Kentucky already was the nation’s No. 1 per capital producer of cars, light trucks and SUVs, with iconic brands and models like Corvette, Toyota Camry and Ford F-150. Further strengthening Kentucky’s position, two giants of the EV battery industry – Ford Motor Co. and SK Innovation and Envision AESC – recently selected Kentucky for the construction of two battery manufacturing plants along Interstate Highway 65 at Glendale and in Bowling Green. These projects represent nearly $8 billion in investment and will create 7,000 high-quality jobs.

Other notable automotive suppliers have also announced plans to expand in Kentucky, including Quadrant Magnetics and Piston Automotive in Jefferson County, Hitachi Automotive Electric Motor Systems America in Madison County, Firestone Industrial Products in Whitley County, Ascend Elements and Martinrea Hopkinsville in Christian County, LOTTE Aluminum and Advanced Nano Products in Hardin County and Arkema in Marshall County. Toyota Motor Manufacturing Kentucky also announced more investment and jobs at its manufacturing plant in Georgetown to support electric vehicle production.

These EV-related projects total over $9.2 billion in new investment with more than 8,500 full-time jobs.

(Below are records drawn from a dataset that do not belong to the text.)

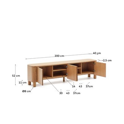 Szafka pod TV SalayaW dekorze jesionu, z płyty MDF, powłoka: fornir/powłoka: lakierowanie, w naturalnym kolorze, szerokość 200 cm, wysokość 52 cm, głębokość 40 cm
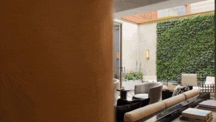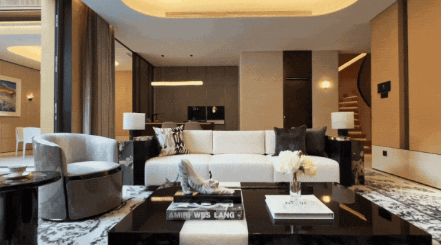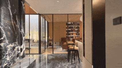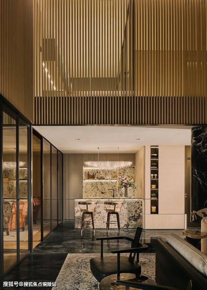 透过瀑布湍流的天光庭院,你在泳池里就可以看到会客厅中家人相伴的身影。会客厅沙发背后的镂空转角奢石景墙与金属屏风,不只是装饰品,它让会客厅与背后奢华的大堂吧隔而不离。你可以透过它,看到吧台的透光奢石景墙。
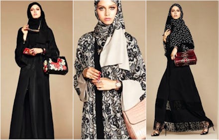 Still, even as the fashion world extends deep into the Middle East, with luxury stores littering Dubai, abayas haven't exactly been flooding the runways. But for a brand like Dolce and Gabbana, which cultivates independent wealthy clients, particularly through its Alta Moda collections, these Middle Eastern buyers — many of whom may be Muslim — are important. That's why, Stefano Gabbana said this past summer, he and Domenico Dolce were planning a special collection aimed at Muslim shoppers.
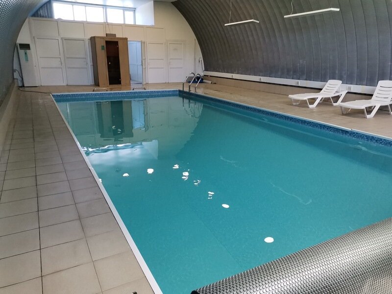 Тип бассейна: крытый бассейнВода в бассейне: подогреваемый бассейнРядом с бассейном: шезлонгиРазмеры: 5 x 11 мПлощадь: 55 м²Круглогодичный бассейн с зоной для отдыха.
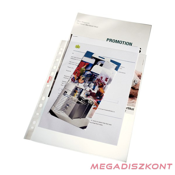 Minőségi tasak mindennapos használatra. Az univerzális lyukasztású lefűzőcsíknak köszönhetően bármilyen iratrendezőben, gyűrűskönyvben használható. Narancsos felületű, 100 mikron vastag, újrahasznosítható PP alapanyag. 80 A4 lap kapacitás (80 g-os). Felül nyitott. A 11 lefűzőlyuknak köszönhetően bármilyen iratrendezőben, gyűrűskönyvben használható. A4 mérethez.
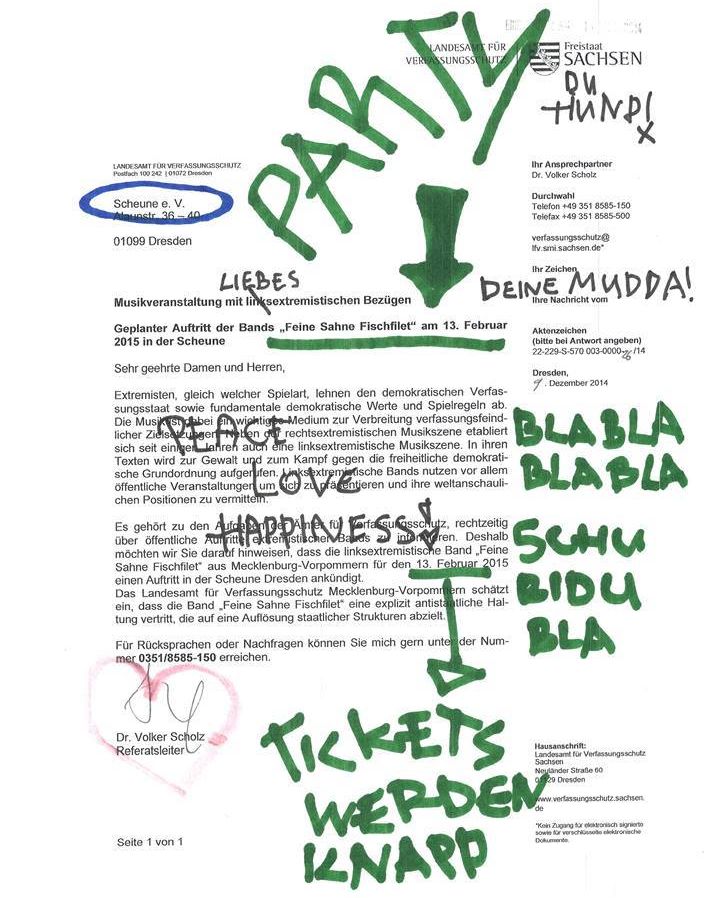 Am 13. Februar soll in der Scheune die Punkrock-Band „Feine Sahne Fischfilet“ spielen. Wie die Band jetzt auf ihrer Facebook-Seite veröffentlichte, hat das Landesamt für Verfassungsschutz den Scheune e.V. angeschrieben. In dem Schreiben heißt es unter anderem: „Das Landesamt für Verfassungsschutz Mecklenburg-Vorpommern schätzt ein, dass die Band … eine explizit antistaatliche Haltung vertritt, die auf eine Auflösung staatlicher Strukturen abzielt.“
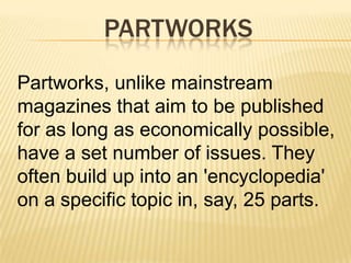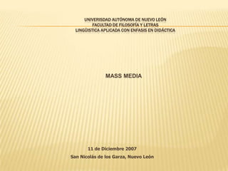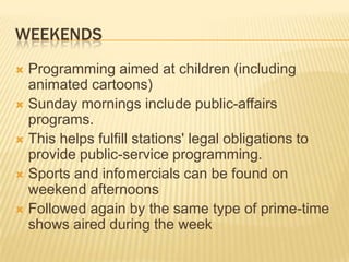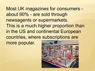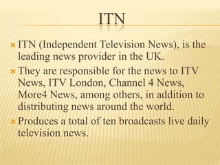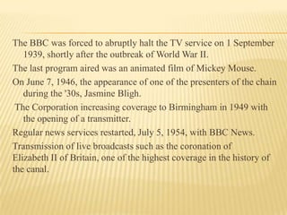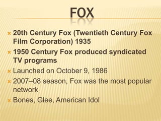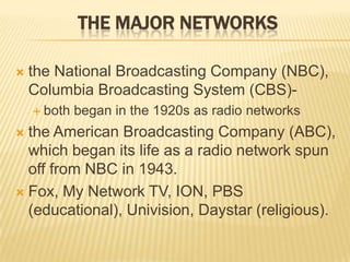 This document provides an overview of mass media and television in different countries. It discusses the history of mass media beginning in the 19th century with developments like the printing press and comics. It outlines the major forms of television delivery in the United States including broadcast, cable, satellite, and internet television. It also summarizes the history and programming of major US television networks like CBS, NBC, ABC, and Fox. The document then discusses television systems and programming in the UK, highlighting pioneers like John Logie Baird and the role of the BBC.

“The progress being made in EV transportation and manufacturing will be transformative,” EEC Secretary Rebecca Goodman said. “It fits perfectly with the Commonwealth’s energy strategy that strives to create a diverse and resilient energy infrastructure and encourages sustainable economic development amid a changing climate.”

Alternative Fuel Corridors Approved

In July, the Federal Highway Administration approved Kentucky’s plan for Alternative Fuel Corridors (AFCs). As part of that plan, all of Kentucky’s 11 interstates and eight parkways are now designated as EV AFCs (blue routes on EV corridor map). Federal guidance requires NEVI formula program funds to first be spent on building out Kentucky’s long-distance EV AFC charging network. Fast-charging stations must be located no more than 50 miles apart along the AFC, not more than one mile off the AFC, must each have four ports at 150-kilowatt per port per station (600-kilowatt total), and must not be proprietary (stations limited to specific vehicles). Several factors were considered when identifying corridors, including distance to existing charging stations, equity and access in rural communities. Specific charging locations will be determined later.

Next Steps

KYTC has issued a Request for Information (RFI) from the private sector related to the deployment of DCFC stations on the EV AFC corridors. The RFI is a precursor to developing a request for proposals for the deployment of DCFC stations on the EV AFCs. Local communities and other agencies can apply for competitive grants to fund electric vehicle charging stations later in 2022 or early 2023 after the U.S. Department of Transportation has issued further guidance and a notice of funding opportunity.